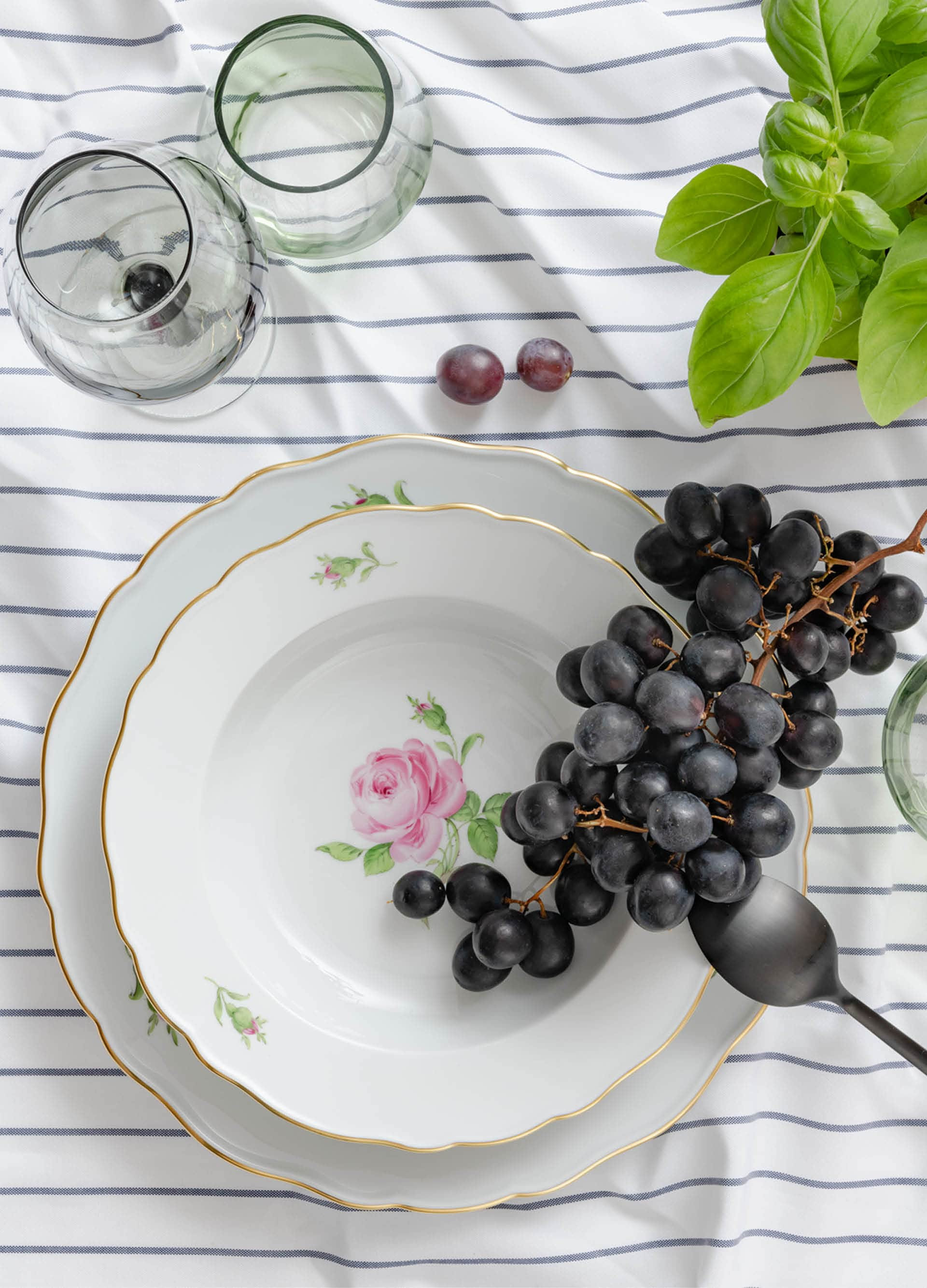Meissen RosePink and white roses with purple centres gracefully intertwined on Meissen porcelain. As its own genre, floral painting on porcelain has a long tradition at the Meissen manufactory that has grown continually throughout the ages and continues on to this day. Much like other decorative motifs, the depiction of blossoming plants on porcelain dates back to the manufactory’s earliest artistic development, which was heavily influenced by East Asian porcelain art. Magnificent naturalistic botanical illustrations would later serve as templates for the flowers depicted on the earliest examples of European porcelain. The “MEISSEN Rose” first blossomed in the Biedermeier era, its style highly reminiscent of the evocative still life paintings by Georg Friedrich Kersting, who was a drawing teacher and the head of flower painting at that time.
· · · · · · ·
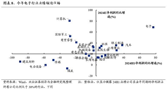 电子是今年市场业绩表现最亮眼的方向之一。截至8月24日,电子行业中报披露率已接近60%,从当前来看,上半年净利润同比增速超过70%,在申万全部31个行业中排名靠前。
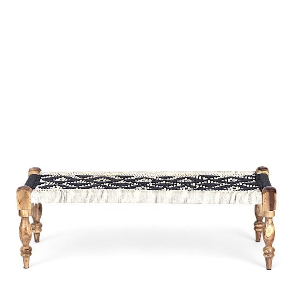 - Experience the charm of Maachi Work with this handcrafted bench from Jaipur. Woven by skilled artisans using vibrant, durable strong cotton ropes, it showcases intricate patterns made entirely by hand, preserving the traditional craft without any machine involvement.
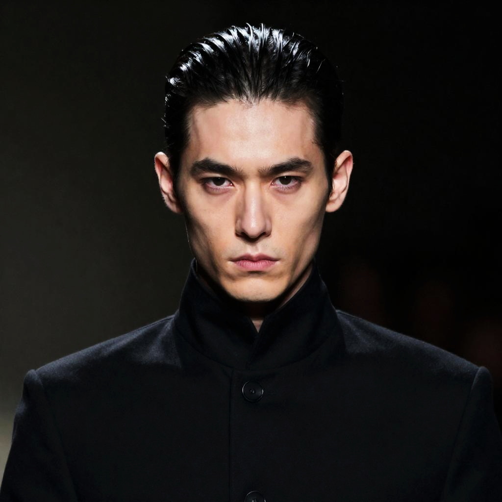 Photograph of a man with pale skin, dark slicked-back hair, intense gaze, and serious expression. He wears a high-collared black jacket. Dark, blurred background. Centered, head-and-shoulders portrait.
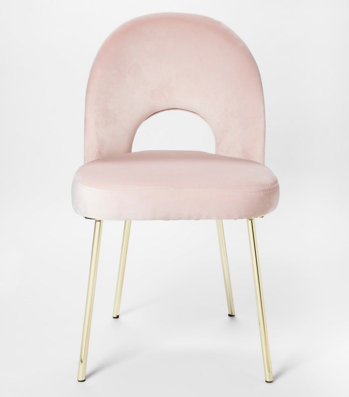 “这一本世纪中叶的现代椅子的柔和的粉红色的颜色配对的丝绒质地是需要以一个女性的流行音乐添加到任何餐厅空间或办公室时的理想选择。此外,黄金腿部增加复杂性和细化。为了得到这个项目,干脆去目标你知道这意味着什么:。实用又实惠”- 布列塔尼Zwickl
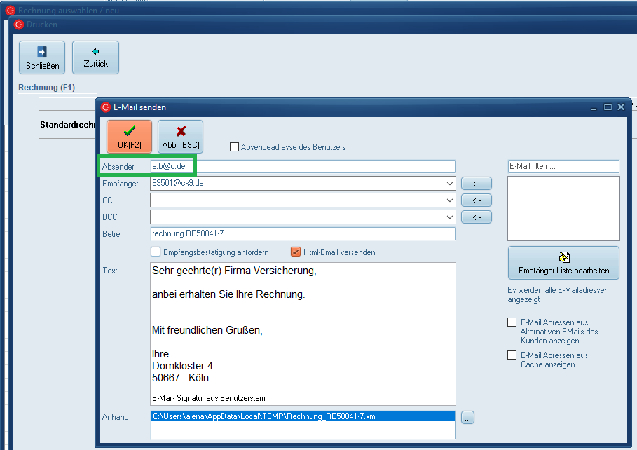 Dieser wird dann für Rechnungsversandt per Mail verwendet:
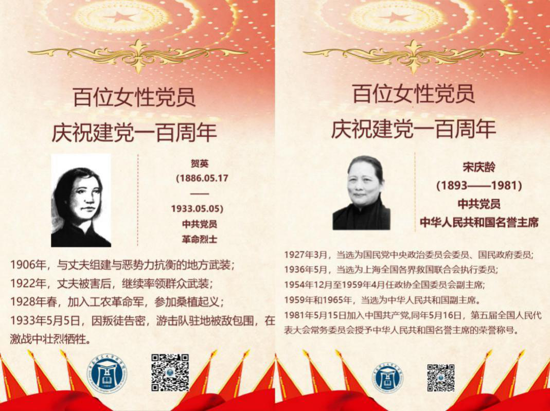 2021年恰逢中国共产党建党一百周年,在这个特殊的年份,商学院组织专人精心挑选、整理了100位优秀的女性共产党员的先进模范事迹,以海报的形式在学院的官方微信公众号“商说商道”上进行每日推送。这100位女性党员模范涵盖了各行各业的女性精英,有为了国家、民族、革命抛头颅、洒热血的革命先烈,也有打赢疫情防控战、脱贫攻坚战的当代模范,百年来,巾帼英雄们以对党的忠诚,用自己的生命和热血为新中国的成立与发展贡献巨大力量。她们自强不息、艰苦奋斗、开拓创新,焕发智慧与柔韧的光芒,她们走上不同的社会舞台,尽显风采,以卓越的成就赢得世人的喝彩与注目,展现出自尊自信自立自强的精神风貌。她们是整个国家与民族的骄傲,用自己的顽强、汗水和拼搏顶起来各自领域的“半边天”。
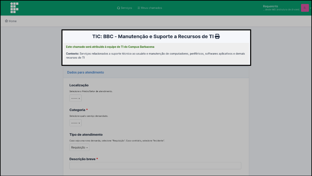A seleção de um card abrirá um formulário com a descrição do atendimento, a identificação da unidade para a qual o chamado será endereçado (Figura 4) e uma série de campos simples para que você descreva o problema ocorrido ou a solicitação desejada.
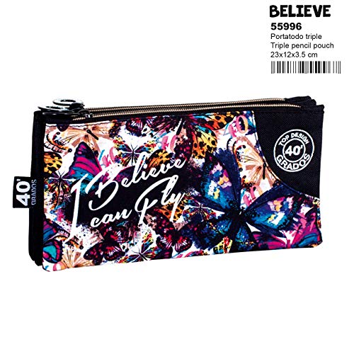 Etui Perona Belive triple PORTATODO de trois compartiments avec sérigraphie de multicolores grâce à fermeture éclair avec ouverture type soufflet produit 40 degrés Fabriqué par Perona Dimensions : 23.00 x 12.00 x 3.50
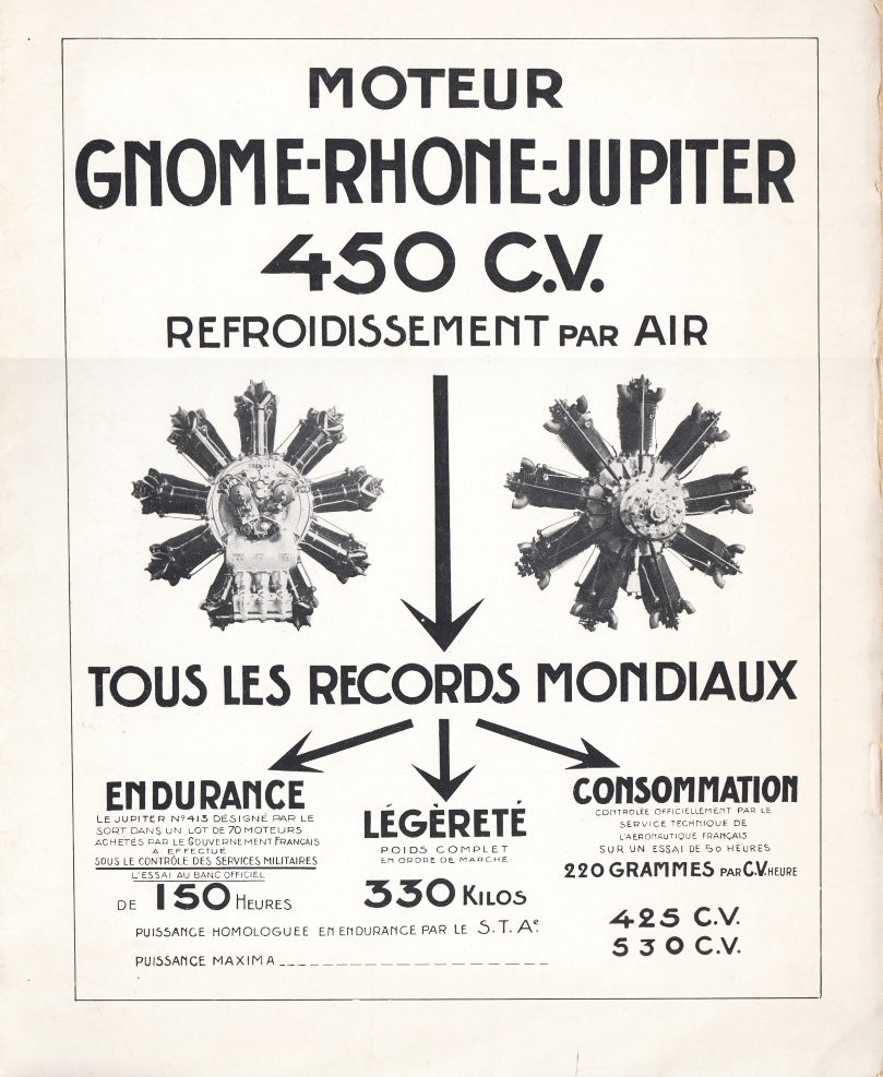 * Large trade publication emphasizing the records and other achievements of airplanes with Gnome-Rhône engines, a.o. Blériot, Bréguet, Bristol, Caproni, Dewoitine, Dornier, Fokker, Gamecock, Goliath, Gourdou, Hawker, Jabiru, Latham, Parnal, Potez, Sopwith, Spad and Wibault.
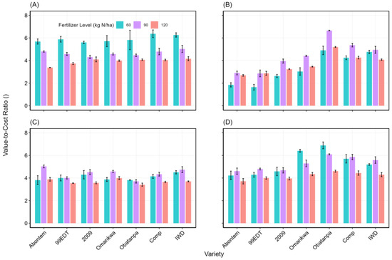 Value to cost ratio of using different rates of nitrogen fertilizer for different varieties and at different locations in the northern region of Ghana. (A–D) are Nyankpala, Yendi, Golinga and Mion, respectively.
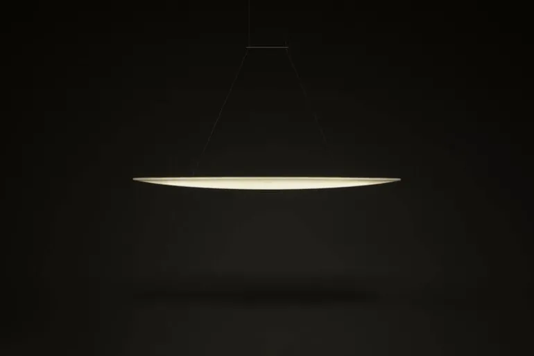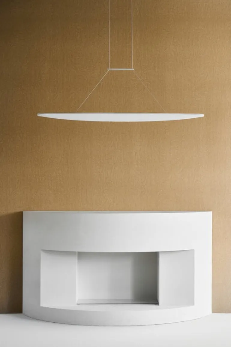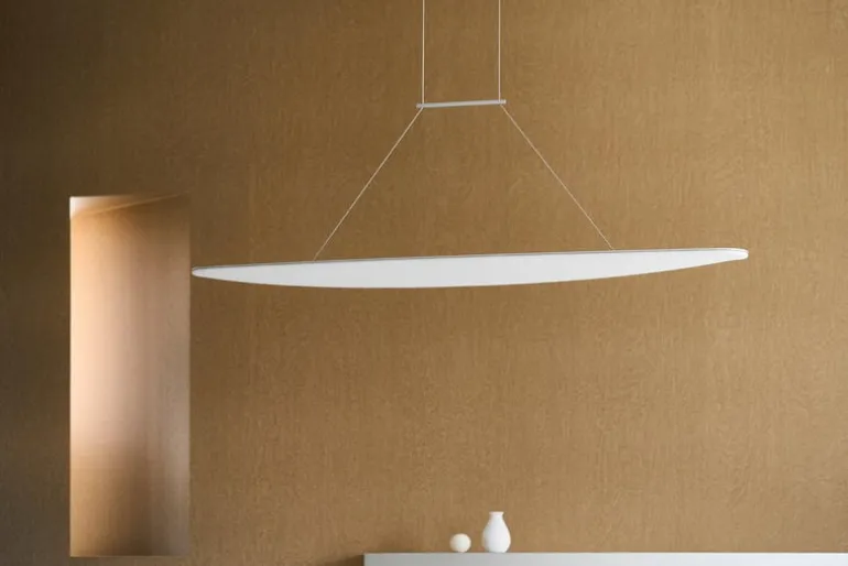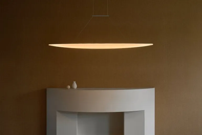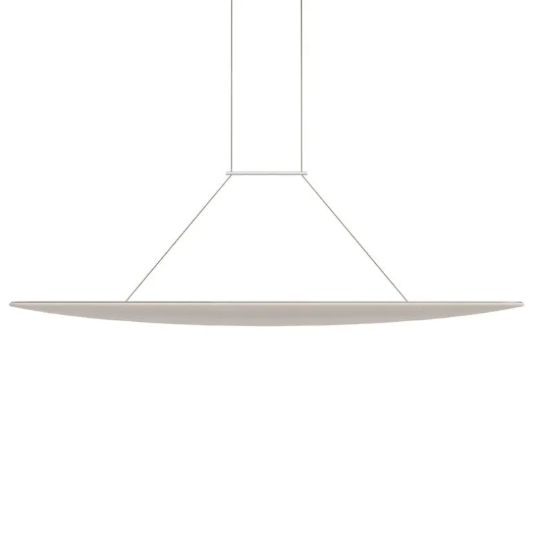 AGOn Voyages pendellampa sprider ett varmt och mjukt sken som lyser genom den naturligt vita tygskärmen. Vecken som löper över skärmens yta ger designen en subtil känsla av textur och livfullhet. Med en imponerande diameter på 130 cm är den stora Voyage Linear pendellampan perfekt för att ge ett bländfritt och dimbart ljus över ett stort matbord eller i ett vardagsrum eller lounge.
· · · · · · ·
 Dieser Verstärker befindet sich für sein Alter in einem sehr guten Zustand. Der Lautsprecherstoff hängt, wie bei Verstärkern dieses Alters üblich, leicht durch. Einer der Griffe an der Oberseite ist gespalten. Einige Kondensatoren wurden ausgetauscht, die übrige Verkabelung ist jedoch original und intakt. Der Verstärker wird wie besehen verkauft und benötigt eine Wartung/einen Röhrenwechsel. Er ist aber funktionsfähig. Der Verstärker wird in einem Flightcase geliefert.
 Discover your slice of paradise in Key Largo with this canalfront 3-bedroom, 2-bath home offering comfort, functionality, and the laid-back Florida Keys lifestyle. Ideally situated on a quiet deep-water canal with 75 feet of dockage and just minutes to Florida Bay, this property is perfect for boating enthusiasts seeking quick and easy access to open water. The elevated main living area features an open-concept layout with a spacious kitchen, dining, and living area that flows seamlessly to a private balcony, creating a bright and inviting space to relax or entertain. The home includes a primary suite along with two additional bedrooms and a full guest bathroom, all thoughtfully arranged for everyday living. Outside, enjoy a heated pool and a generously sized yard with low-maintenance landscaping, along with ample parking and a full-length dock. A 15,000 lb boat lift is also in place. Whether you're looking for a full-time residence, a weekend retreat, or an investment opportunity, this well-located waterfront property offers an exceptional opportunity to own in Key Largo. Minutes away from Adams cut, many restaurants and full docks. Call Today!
· · · · · · ·
Task goal:
Starting from the line with "A seleção de" in the records above, repeat each line exactly until you have written the line with "Spad and Wibault.", then stop; drop the pictures.

Task solution:
A seleção de um card abrirá um formulário com a descrição do atendimento, a identificação da unidade para a qual o chamado será endereçado (Figura 4) e uma série de campos simples para que você descreva o problema ocorrido ou a solicitação desejada.
 Etui Perona Belive triple PORTATODO de trois compartiments avec sérigraphie de multicolores grâce à fermeture éclair avec ouverture type soufflet produit 40 degrés Fabriqué par Perona Dimensions : 23.00 x 12.00 x 3.50
 * Large trade publication emphasizing the records and other achievements of airplanes with Gnome-Rhône engines, a.o. Blériot, Bréguet, Bristol, Caproni, Dewoitine, Dornier, Fokker, Gamecock, Goliath, Gourdou, Hawker, Jabiru, Latham, Parnal, Potez, Sopwith, Spad and Wibault.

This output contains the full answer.